Using Drupal at the core of interconnected systems such as this has not always been easy, but Drupal 8 has made it much simpler. Out-of-the-box, Drupal 8 contains a number of features and modules designed to make this use a breeze. This also enables the use of "headless Drupal", where Drupal is used for data management only, with other software connecting to it even on the main website.
Also common, is Drupal being used to display and manipulate data stored elsewhere, and for this there often isn't an out-of-the-box solution, due to the sheer number of different possible things that Drupal might be integrated with. No two integrations are quite alike. Where Drupal shines, here, is in the tools it provides developers with. A mixture of Drupal, custom code, and integration-specific libraries can be leveraged quite effectively by a skilled developer to meet whatever needs a site may have.
eSignatures with HelloSign
While things like analytics, searching, and data management are all common tasks that are used by many sites, sometimes an integration is more specialized. One example of this is integrating with HelloSign or other eSignature services. This sort of integration is rare enough that no ready-to-use Drupal solution typically exists, but it is also important enough to the sites that use it that the integration has to be done right.
Back when we were using Drupal 7, we created a Drupal module for this particular integration, which can now be used by other Drupal 7 sites which need to receive digital signatures from users. Now that Drupal 8 is out, we're looking forward to working on another project that needs a HelloSign integration so that we can update the module and take advantage of Drupal 8's new features.
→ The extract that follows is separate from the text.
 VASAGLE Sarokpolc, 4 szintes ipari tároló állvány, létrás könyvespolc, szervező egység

In our experience, most customer engagement tools work great with Drupal! Often, a company's Drupal website is the main way people interact with the company online. As such, it is the perfect place to do collect potential leads and to keep in touch with people. For companies with separate CRM systems, Drupal provides all of the tools necessary to send data on from Drupal to that system. If somebody update their Drupal user account, or fills out a form, the relevant information can also be sent to wherever it needs to go.
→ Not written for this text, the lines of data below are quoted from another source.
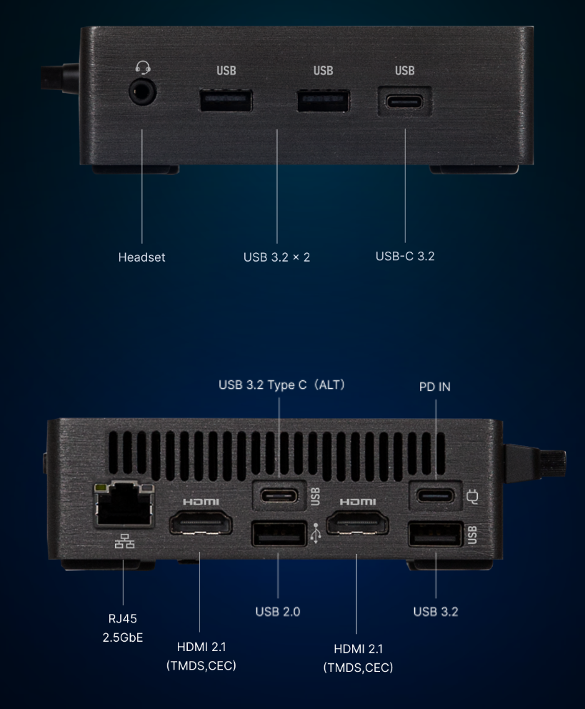 拓展方面,它提供了三个 USB 3.2 Gen 2-A、两个 USB 3.2 Gen 2-C(DP Alt)、一个 2.5GbE 网口(IT之家注:I226V)、两个 HDMI 2.1 接口,可实现四路 4K UHD 输出;支持 Wi-Fi 7 及蓝牙 5.4。
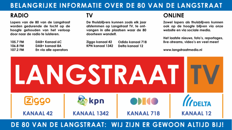 Peters en Gremmé kijken met een bijzonder gevoel uit naar deze Tachtig van de Langstraat: “We zijn sinds 1993 de lokale omroep van de gemeente Waalwijk, en sinds 2007 ook die van de gemeente Loon op Zand. In 2018 kwam daar de gemeente Dongen bij. De inwoners van deze gemeenten konden al naar eerdere edities van de 80 van de Langstraat kijken via Langstraat TV. Sinds 1 januari 2024 zijn we echter ook lokale omroep voor de gemeente Heusden en omdat de 80 vorig jaar niet doorging, is dit dus de eerste keer dat inwoners van Heusden de 80 geheel LIVE kunnen volgen via Langstraat TV! Daar zijn we met z’n allen behoorlijk blij mee.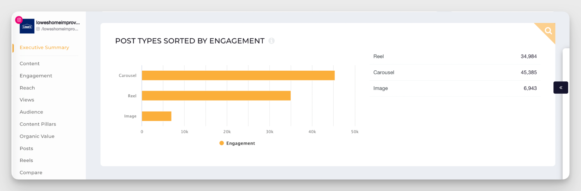 Let me give you an example. Let's analyze together Lowe's Instgaram strategy. Looking at their content mix, we can see that the majority of their posts are Reels, with carousels and static images accounting for a much smaller share.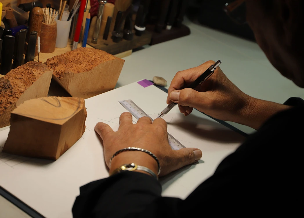 元になるブライヤーから出来上げるシルエットを想像し、いくつかのスケッチを行い、削り、また想像し、削りを繰り返して出来上がります。

What's more, Drupal can be leveraged to help keep in touch with customers directly. While Drupal itself can send emails, this often isn't the ideal setup. Instead, Drupal can be used to create the emails, using the content and customer data that it has, and then it can send that email off to a separate service to send it. That service - perhaps the mailing features available from Knowledge Marketing - can then actually send that email out and manage things like email lists and subscriptions. Although Drupal could be used for such things, using Drupal alongside a specialized tool designed specifically for email management can create a much more flexible system at a fraction of the cost.
Although Drupal isn't perfectly able to do everything on its own (what system can?), the ease with which it can be integrated with other tools more than makes up for it. At Ashday, we've created countless Drupal integrations - some of them used by many of our sites, some by just a single site - and they are some of our favorite projects to work on.